Merry Fuckin’ Birthday, Olivia.

Wait a sec. I meant Happy Birthday. You get the drift. And if you could see what I saw you’d be mixing up your holiday adjectives too.

One word: Stove.

Such a convenient piece of machinery. Jesus.

Anyway, back to the baking. Like I said, it’s not the housewife part that’s bothering me. I was a chef once; I may not like the kitchen but I can handle it. The baking isn’t the problem. It’s the willingness.

I’m standing here on Christmas Eve mixing cookie batter simply because Natalia asked me to.

I would do anything for that woman. Anything. It’s actually kinda pathetic how far that sentiment has taken me these past couple of years.

There are a bunch of things I’ve done for her, big and little.

Like keeping the death stares to a minimum with Frank. That took me a while to get under control, but for good reason. Imagining his hands on my Natalia made me want to slap that sappy golly-gee-Natalia-I’ll-always-love-you smile off of his face. And so I did. Once. But I swear after that (and two weeks on the couch) I was done. Ever since then he’s behaved and so have I. Olivia Spencer, perfect angel.

Or making her the official other mommy to Emma. Apparently that was the best Mother’s Day present ever. Although when she first opened the envelope and saw the adoption papers she just started crying. Boy, was I confused. Then she hit me and I was pissed. But the next thing I new she was kissing me. I took that as a yes.

Or cutting back on the cheeseburgers and martinis. That was hard. But once she hit me with that pout-“I thought you wanted us to be an old married couple with matching jogging suits?”-there was no question. We’re going to be the most badass old couple in Springfield if I have anything to say about it.
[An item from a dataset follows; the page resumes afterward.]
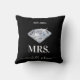 An elegant black and white wedding themed design perfect for newlyweds. The throw pillow is designed in black and white with a stylish black bow tie for the "Mr." and a beautiful sparkling diamond for the "Mrs." The established date is located on top which can be customized to your wedding date or a memorable date in your lives. An elegant script font is used for the bride's and groom's names located to the bottom. Customize the text and make it your own.

Or just doing things to make her smile. Little surprises here and there, flowers, candlelit dinners sans children. But she takes them much more seriously. “It shows how much you care. I love it. I love you.” Totally worth the dimples.

Or giving up half my designer wardrobe just so we can share a closet. When I first moved back in half my stuff was in the one in the hall, but she said it didn’t feel right. So I made it feel right for her. Done.

Or limiting the cussing, saving it for Natalia-free and Natalia-Me times only. She officially named our room exempt from the Swear Jar. Thank baby fuckin Jesus for that.

Or leaving work at five thirty everyday, no matter how busy, so that I can be home for dinner at six.

Or simply helping with doing the laundry.

And that’s not even the half of it. I’m whipped. Incredibly so, in fact, and I don't give a damn.

So when my lovely girlfriend ordered me to finish the baking on her way out-Emma in tow-to get the little one from Frank’s, I readily obliged.

After some mandatory sarcasm.

“I see how it is. Leave me here to slave away while you two go get the Bear? Hardly seems fair to me.”

That go me an eye roll.

“Oh hush, Olivia. There’s only one more batch to go. And would you please stop calling our daughter a bear? She’s not an animal.”

“But she’s my little Gummi Bear,” I pout. “Plus, Emma’s not a vegetable and she’s still our Bean.”

“Yeah, Ma. I’m not a vegetable!” Emma echoed as she twirled around trying to find the sleeves of her puffy pink coat.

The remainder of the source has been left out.